Give back the whole listing word for word and skip each picture.

§ **INPUT DATA**

________________

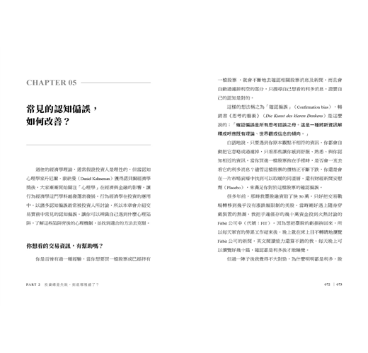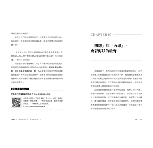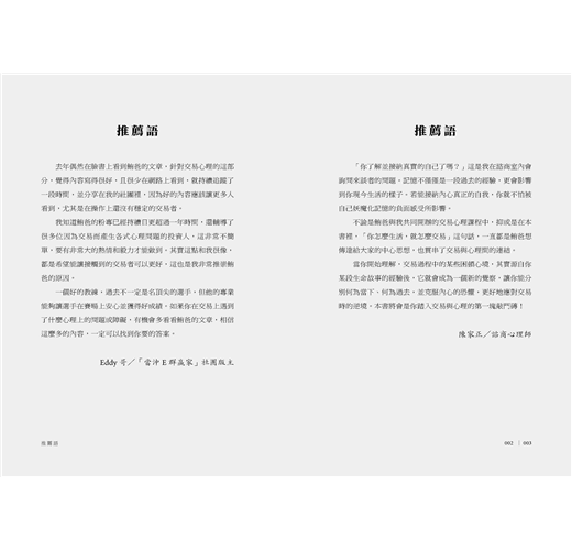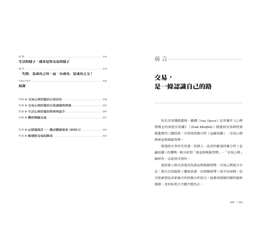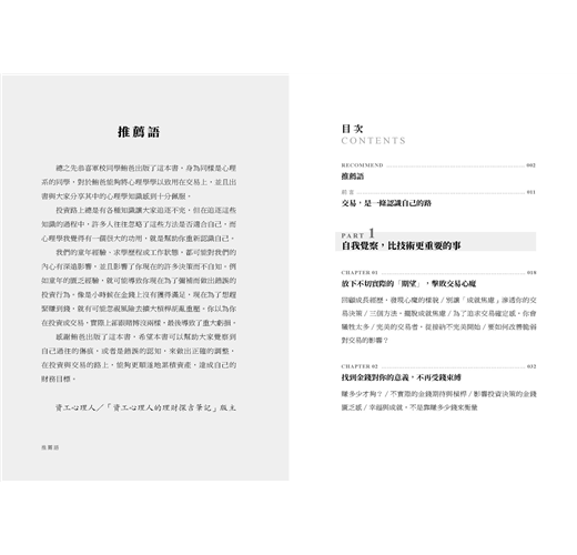 但如果你想更多地了解交易心理,相信你能從本書中,得到許多深入淺出的交易心理、投資心理知識,從個人心理層面的成就焦慮、金錢焦慮與情緒調控,到關係中的家庭影響、社會比較,最後還有在交易實務中常見的認知偏誤、個人交易策略與心理狀態的適配性等。
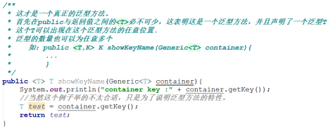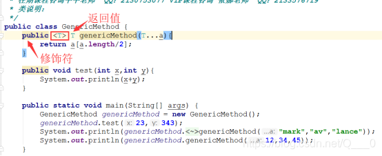 泛型方法,是在调用方法的时候指明泛型的具体类型 ,泛型方法可以在任何地方和任何场景中使用,包括普通类和泛型类。注意泛型类中定义的普通方法和泛型方法的区别。
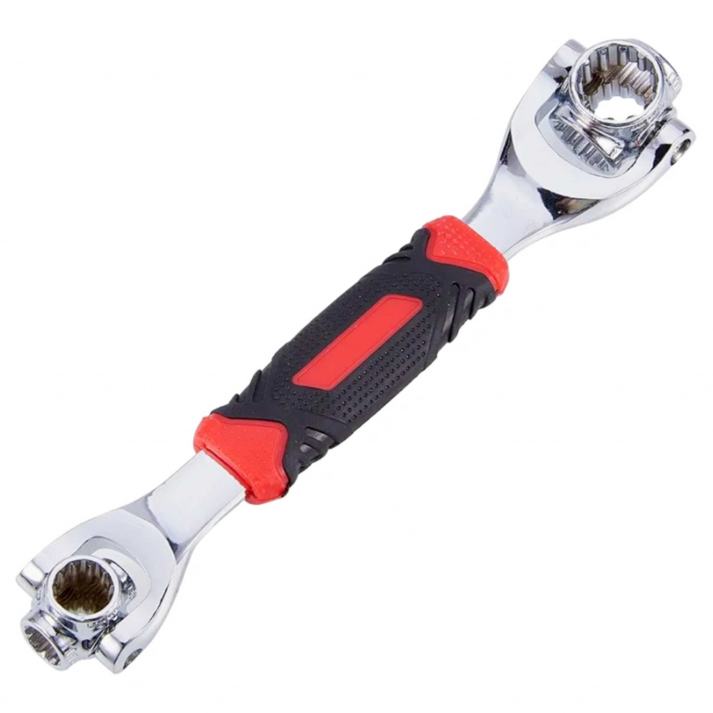 Универсальный ключ изготовлен из хромованадиевой стали, корпус ручки прорезиненный.

________________

§ **WRITTEN SOLUTION**
 但如果你想更多地了解交易心理,相信你能從本書中,得到許多深入淺出的交易心理、投資心理知識,從個人心理層面的成就焦慮、金錢焦慮與情緒調控,到關係中的家庭影響、社會比較,最後還有在交易實務中常見的認知偏誤、個人交易策略與心理狀態的適配性等。
 泛型方法,是在调用方法的时候指明泛型的具体类型 ,泛型方法可以在任何地方和任何场景中使用,包括普通类和泛型类。注意泛型类中定义的普通方法和泛型方法的区别。
 Универсальный ключ изготовлен из хромованадиевой стали, корпус ручки прорезиненный.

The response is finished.